Key design insight: No parent-selection rule is imposed. The proposer freely inspects any prior harness and its traces. This lets it identify confounded edits, trace causal chains of failure, and shift strategies when a class of edits regresses. In practice it reads a median of 82 files per iteration, referencing 20+ prior candidates per step.

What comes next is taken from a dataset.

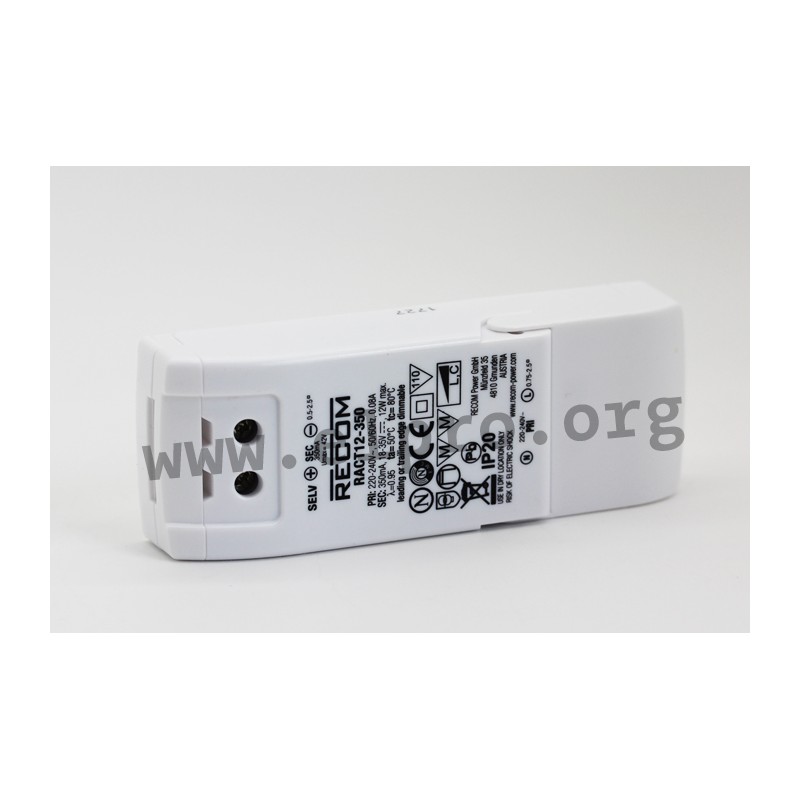 LED drivers in a plastic housing (IP20) with 12W, a constant current, a TRIAC dimmer (phase-cut dimmer), protection class II and a universal input. These devices are suitable for LED lighting applications and are protected against overload, overvoltage as well as short circuit. They have screw terminals and comply with EN55015, EN61347-1, EN61347-2-13, IEC61347-1 as well as IEC61347-2-13. We offer the following types of this Recom series: RACT12-350, RACT12-500 and RACT12-700.

3.3 Why Code-Space Search?

Harness optimization targets executable Python programs, not just text templates:

Small changes to retrieval or memory logic can affect behavior many steps later — local heuristics are ill-suited
Coding models have strong inductive biases toward coherent algorithms rather than brittle hard-coded solutions
The proposer can make structural changes — full rewrites, new retrieval strategies, different memory schemas — not just fill templates
The action space aligns with the read-write-execute workflows on which frontier coding models are trained

Important: The proposer never sees test-set results. All feedback comes exclusively from the search set and execution traces — critical for avoiding overfitting.

4. Experiments & Results

4.1 Online Text Classification

Setup

An LLM receives labeled examples one at a time, updates its memory, and is evaluated on a held-out test set (following the ACE setup).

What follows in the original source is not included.